What you should do: Could you restate the data word for word and drop the pictures?

Data section:
******************************
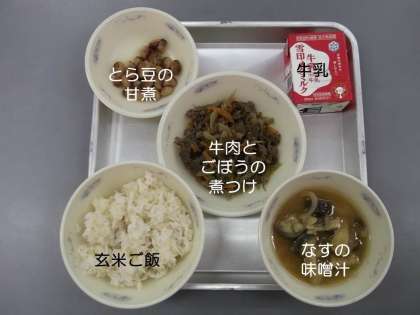今日は,『和(なごみ)献立』で,『玄米ご飯』『なすの味噌汁』『とら豆の甘煮』『牛肉とごぼうの煮つけ』『牛乳』です。
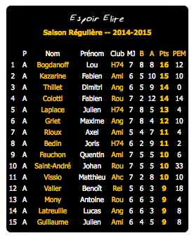 Espoir Elite (7ème journée – Dimanche 12 octobre 2014)
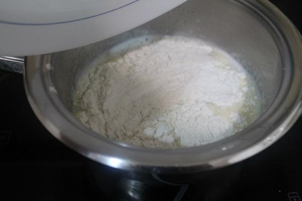 2. Retira la preparación del fuego y añade de golpe la harina. Remueve con una cuchara de madera y vuelve a poner al fuego.
******************************
Result below:
今日は,『和(なごみ)献立』で,『玄米ご飯』『なすの味噌汁』『とら豆の甘煮』『牛肉とごぼうの煮つけ』『牛乳』です。
 Espoir Elite (7ème journée – Dimanche 12 octobre 2014)
 2. Retira la preparación del fuego y añade de golpe la harina. Remueve con una cuchara de madera y vuelve a poner al fuego.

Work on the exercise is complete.